# Lighting problem



## Mollins (Aug 16, 2005)

OK I have a big problem on the lighting front

RIGHT next to my house is a street lamps, and so it takes over practically all of my house/garden i nterms of light, I want to somehow stop it but I have no ideas

can any of you guys help?


----------



## shaunathan (Sep 18, 2005)

I've got the same problem, street light right accross the street from me, and of course it's one of the proper ones, not one of the ones that goes off every now and then.

So far we've though of everything from a slingshot and a rock, to "hey, that plate on it just has a few phillip's head screws....." 

maybe I can talk the neibors accross the street into hanging a corpse from it and hope that casts enough shadow to my lawn. besides, giant hangman shadow over my house would rock...

In addition, I've decided that the street lamp is my "warm" light source, so I'll be using green and blue LED spotlights as my cool lighting in the shadows. hope it works...


----------



## krough (Oct 7, 2004)

I have the same problem, I live on a corner and right out on the corner is a street lamp. 
I have decided to just pretend its not there, and like shaunnathan just design lighting around it.. :>
I read somewhere that a certain colored laser pointer directed at the sensor on top will shut it off. 
Krough


----------



## colinsuds (Aug 20, 2005)

omg if thats true all of my lighting problems have come to an end!


----------



## Zombie-F (Apr 12, 2004)

My town is saving energy by turning off all overhead streetlights except the ones at intersections, so it's not even a problem for me any more.
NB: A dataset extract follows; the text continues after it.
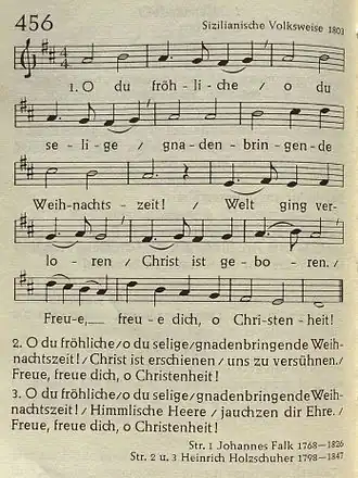 - ^ Falk, Johannes Daniel (30 January 1817). "O du fröhliche". Zweiter Bericht der Gesellschaft der Freunde in der Noth. Weimar.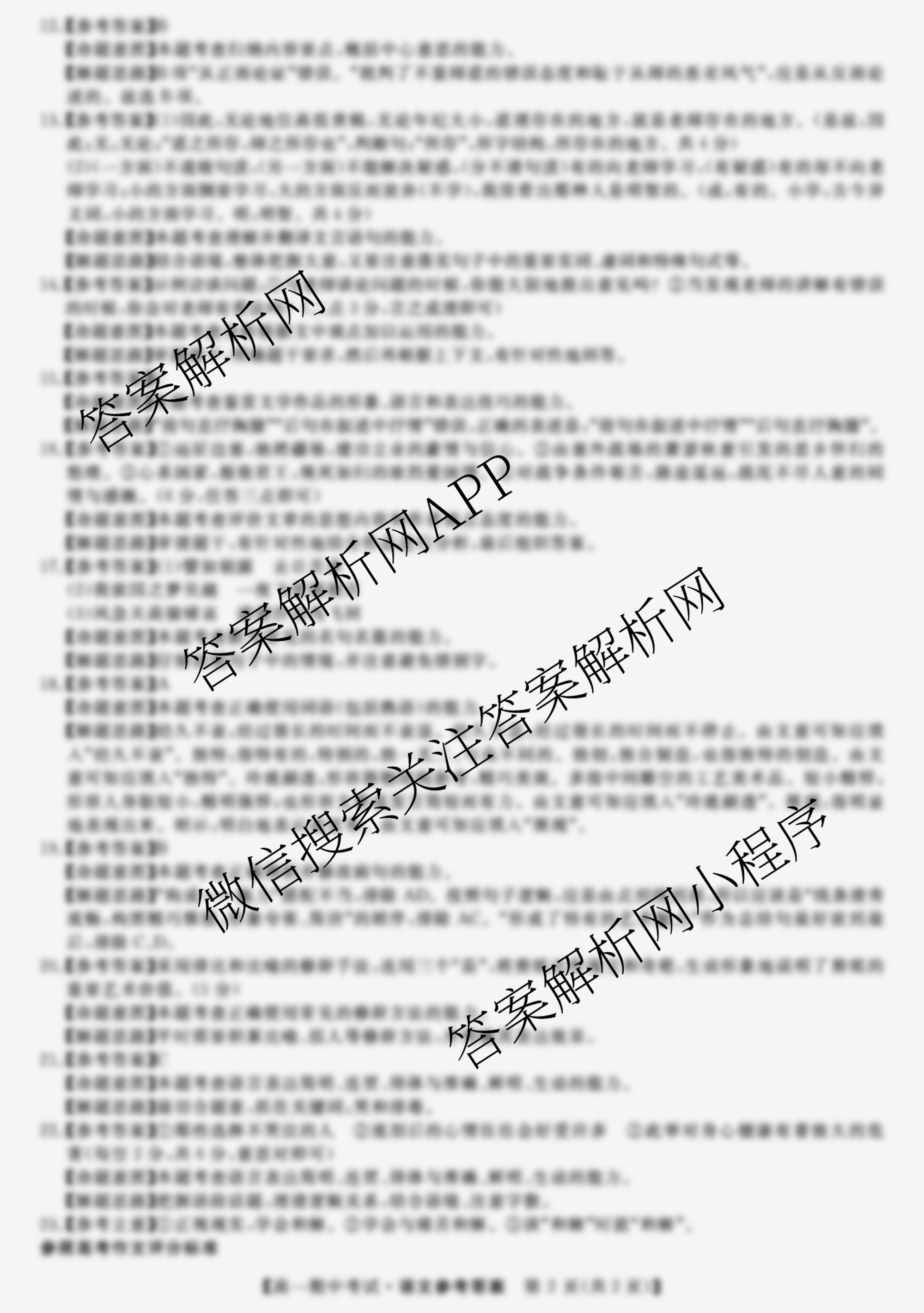 - 高一[天壹名校联盟]2021年下学期期中考试语文答案

My first two years though... the lights pretty much overpowered the floodlights I used.


----------



## krough (Oct 7, 2004)

http://www.taas.org/events/light_zapper/zapper.html

Uses a red laser like ones sold at radio shack


----------



## shaunathan (Sep 18, 2005)

I need a laser pointer......


----------



## Vlad (Aug 2, 2005)

Keep in mind, that any accident that occurs there, whether the result of no lighting or not, can result in you being held liable for all damages if anyone finds out or reports that you tampered with the light. Somebody twisting an ankle even, can get the pants sued off of you if you're found out. I've seen this topic discussed year after year on other forums, and the best way to deal with it, is to create your own shadows, and plan on using the light to your best advantage. Could you live with yourself if some little kid running across the street to get to your haunt gets hit by a car? IMO this is just a case of suck it up and learn to live with it.


----------



## krough (Oct 7, 2004)

Very good points Vlad.


----------



## Mollins (Aug 16, 2005)

krough said:


> http://www.taas.org/events/light_zapper/zapper.html
> 
> Uses a red laser like ones sold at radio shack


hmmmmmmm


----------



## DeathTouch (Sep 6, 2005)

Maybe time to get a BB gun.


----------



## Mollins (Aug 16, 2005)

lol, wouldnt work, the light is in a protecting plastic thingy


----------



## DeathTouch (Sep 6, 2005)

Ok, pellet gun or shot gun. If that doesn't work hand grenade.


----------



## Mollins (Aug 16, 2005)

lol

well i just looked at it, and the thing that covers the wires seems to be a bit lose, liek it will come off very, very easily

but someone else suggested that if you kick the thing really hard it will switch off


----------



## MansionHaunter (Sep 20, 2006)

I just successfully tested a home-built shade for the streetlight that stands right out on the sidewalk in front of our house, and it works just fine.

With a long pole, I can slip the shade over the top of the light and it blocks out all the light shining on the sidewalk and back toward our house; I left the side facing the street open.

It works perfectly - no light at all shines on our yard.

It was simple construction: cardboard, aluminum foil, duct tape, an empty pill bottle and a length of electrical wiring to hold the thing over the top of the lamp. I spray painted the back of the shade flat black, mostly to hide the "Huggies" label that had been on the cardboard.

I'm going to put it up early on Halloween, and take it down before bedtime, should be just fine.


----------



## Spike_Mangler (Oct 15, 2006)

My front yard is lit up like daylight.
I live on a corner lot and not only have 1 HPS streetlight right in front of my house, but also the cross street is a 4 lane w divider so I have (count them ) 5 Double HPS streetlamps blazing yellow/orange light down onto my yard.
%#&@*()!!

My one saving grace is that the previous owner planter 2 pine trees which are now fairly mature and block some of the light coming down.
Its still pretty bright. 
Ill post pics when I get the haunt set up to show what Im up against.

I feel for anyone who has to deal with a brightly lit street.
Great for neighborhood saftey, bad for Yard Haunters.


----------



## dynoflyer (Oct 8, 2006)

There's a street along the ocean where a citizen with a penchant for stargazing got permission to paint one half of the lampshade (?) black on the streetlights facing his house. 

Water based black poster paint would wash off, wouldn't it? Not as satisfying as a slingshot, but, if you also had a friend with a bucket truck that works for the cable company? . . . .evil lol


----------



## UnderMan (Aug 23, 2007)

Try calling the city and asking if they could shut if off for a few hours on Halloween. Let them know that you have built a haunt and the light interferes with your efforts. If they talk about potential accidents and such, just plan on having a white floodlight pointing toward the street and sidewalk from a high point in your yard.

If the streetlight has a panel at the bottom, held in place with a bolt, you can loosen the bolt enough to slide the panel out of the way. Inside there is a fuse, like the ones you see in a fuse panel, just unscrew it until the light goes out, but don't forget to turn it back on again at the end of the night.

Try the first idea, most cities won't mind if it's for a few hours.

At least it's better than shooting out the light and easier/safer than covering or painting it.


----------